Segment Open

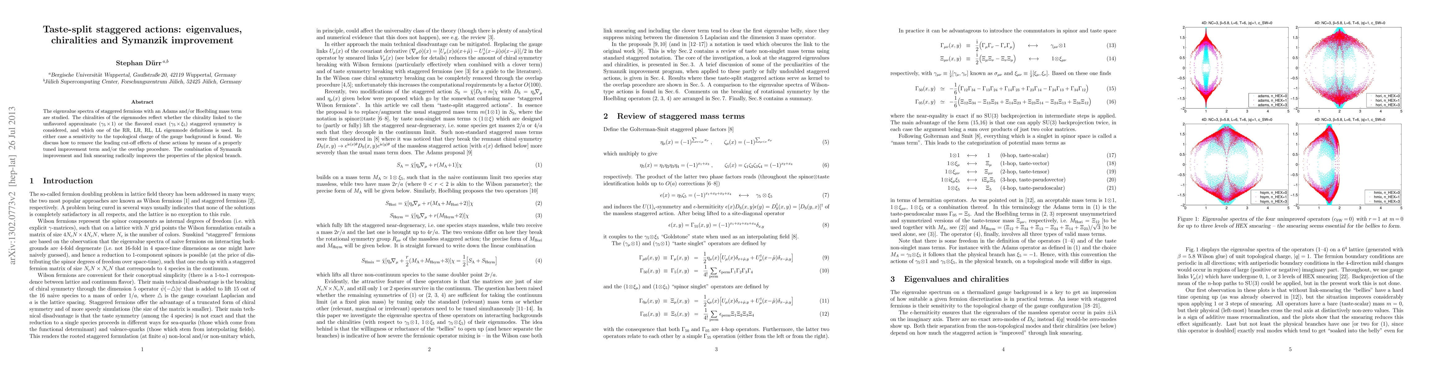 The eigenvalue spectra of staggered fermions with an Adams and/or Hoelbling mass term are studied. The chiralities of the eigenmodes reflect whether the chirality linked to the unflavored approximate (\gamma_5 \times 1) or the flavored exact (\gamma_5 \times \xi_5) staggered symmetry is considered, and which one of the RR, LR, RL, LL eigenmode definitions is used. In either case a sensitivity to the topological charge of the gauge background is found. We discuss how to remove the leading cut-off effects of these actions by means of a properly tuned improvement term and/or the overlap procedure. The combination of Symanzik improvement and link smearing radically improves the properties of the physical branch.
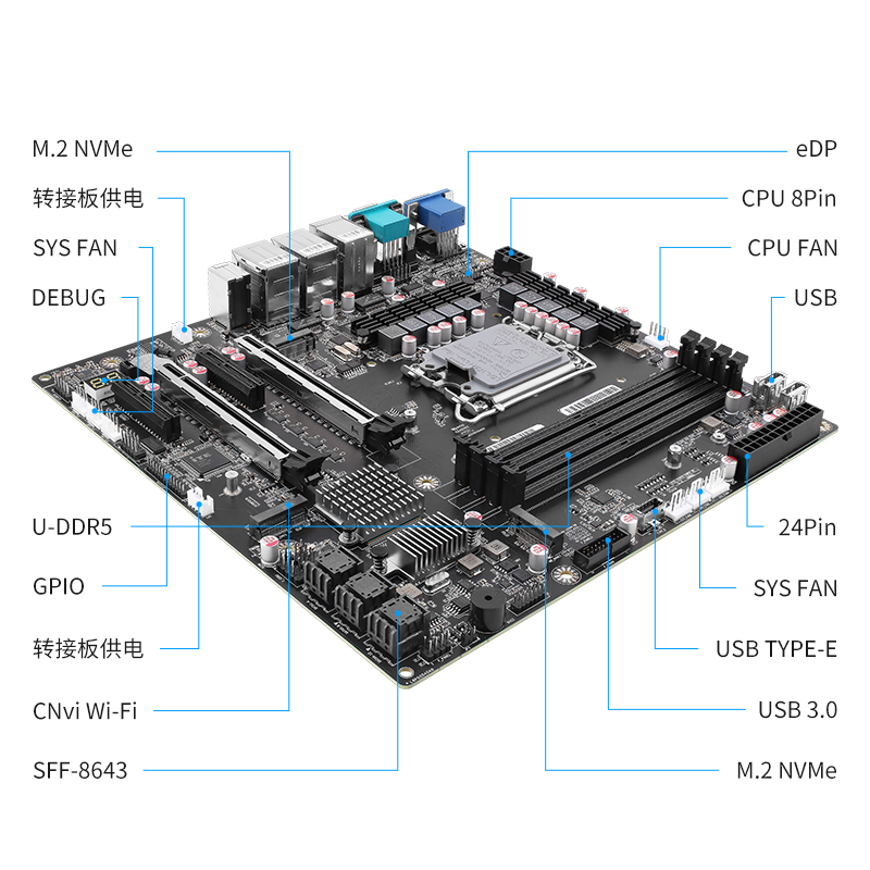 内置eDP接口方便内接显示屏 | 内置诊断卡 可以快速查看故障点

Segment Closed
Segment Open

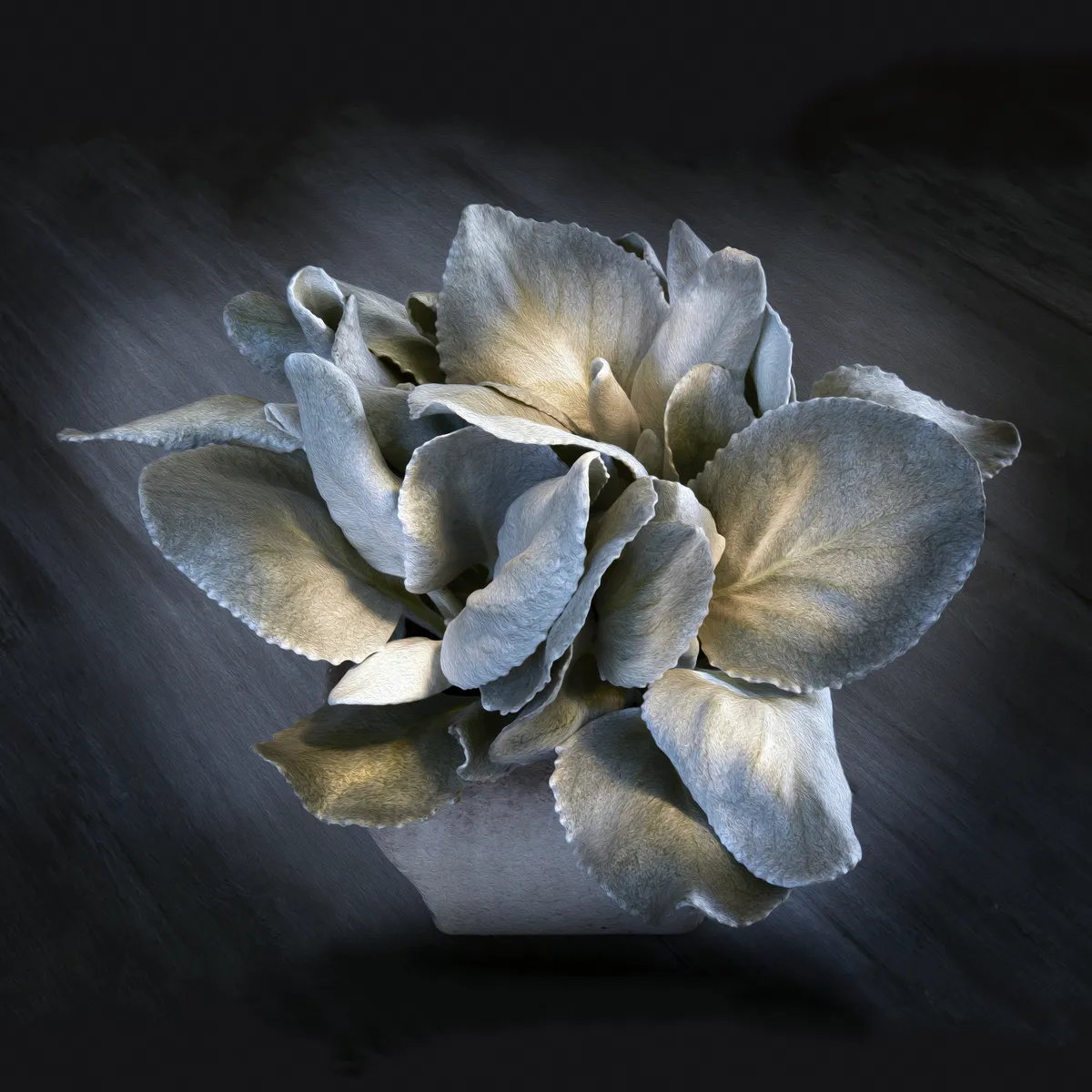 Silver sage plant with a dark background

Segment Closed
Segment Open

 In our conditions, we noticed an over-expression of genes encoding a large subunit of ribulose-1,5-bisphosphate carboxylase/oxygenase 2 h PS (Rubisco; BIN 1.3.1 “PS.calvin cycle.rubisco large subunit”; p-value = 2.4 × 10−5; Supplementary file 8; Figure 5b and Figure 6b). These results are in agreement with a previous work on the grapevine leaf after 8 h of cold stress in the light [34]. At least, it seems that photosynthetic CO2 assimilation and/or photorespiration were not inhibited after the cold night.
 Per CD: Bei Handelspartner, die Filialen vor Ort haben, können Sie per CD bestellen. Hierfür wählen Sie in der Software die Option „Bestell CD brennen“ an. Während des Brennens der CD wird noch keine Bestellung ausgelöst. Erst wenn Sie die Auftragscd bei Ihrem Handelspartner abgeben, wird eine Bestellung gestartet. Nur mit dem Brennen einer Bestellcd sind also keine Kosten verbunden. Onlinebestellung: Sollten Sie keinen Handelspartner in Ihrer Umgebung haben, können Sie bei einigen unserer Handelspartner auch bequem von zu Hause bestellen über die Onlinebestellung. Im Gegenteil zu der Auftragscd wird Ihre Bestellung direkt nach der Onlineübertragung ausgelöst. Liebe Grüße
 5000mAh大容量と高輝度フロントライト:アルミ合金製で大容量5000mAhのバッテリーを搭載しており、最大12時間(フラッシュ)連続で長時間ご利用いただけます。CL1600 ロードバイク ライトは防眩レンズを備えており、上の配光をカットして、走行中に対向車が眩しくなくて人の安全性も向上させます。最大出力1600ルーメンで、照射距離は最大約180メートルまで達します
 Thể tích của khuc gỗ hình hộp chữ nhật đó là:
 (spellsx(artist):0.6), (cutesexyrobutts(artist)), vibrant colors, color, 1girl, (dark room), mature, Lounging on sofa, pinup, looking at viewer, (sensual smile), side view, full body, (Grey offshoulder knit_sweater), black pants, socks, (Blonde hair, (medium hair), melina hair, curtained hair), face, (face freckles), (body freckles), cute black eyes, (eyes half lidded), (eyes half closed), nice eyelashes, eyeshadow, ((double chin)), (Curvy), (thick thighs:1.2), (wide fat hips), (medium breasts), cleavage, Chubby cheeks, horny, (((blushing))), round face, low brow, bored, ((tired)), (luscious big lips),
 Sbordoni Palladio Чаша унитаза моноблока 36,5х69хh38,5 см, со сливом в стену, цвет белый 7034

Segment Closed

Beginning with the line that contains "The eigenvalue spectra" and ending with the line that contains "内置eDP接口方便内接显示屏 | 内置诊断卡 可以快速查看故障点", reproduce the listing exactly, pictures excluded.

 The eigenvalue spectra of staggered fermions with an Adams and/or Hoelbling mass term are studied. The chiralities of the eigenmodes reflect whether the chirality linked to the unflavored approximate (\gamma_5 \times 1) or the flavored exact (\gamma_5 \times \xi_5) staggered symmetry is considered, and which one of the RR, LR, RL, LL eigenmode definitions is used. In either case a sensitivity to the topological charge of the gauge background is found. We discuss how to remove the leading cut-off effects of these actions by means of a properly tuned improvement term and/or the overlap procedure. The combination of Symanzik improvement and link smearing radically improves the properties of the physical branch.
 内置eDP接口方便内接显示屏 | 内置诊断卡 可以快速查看故障点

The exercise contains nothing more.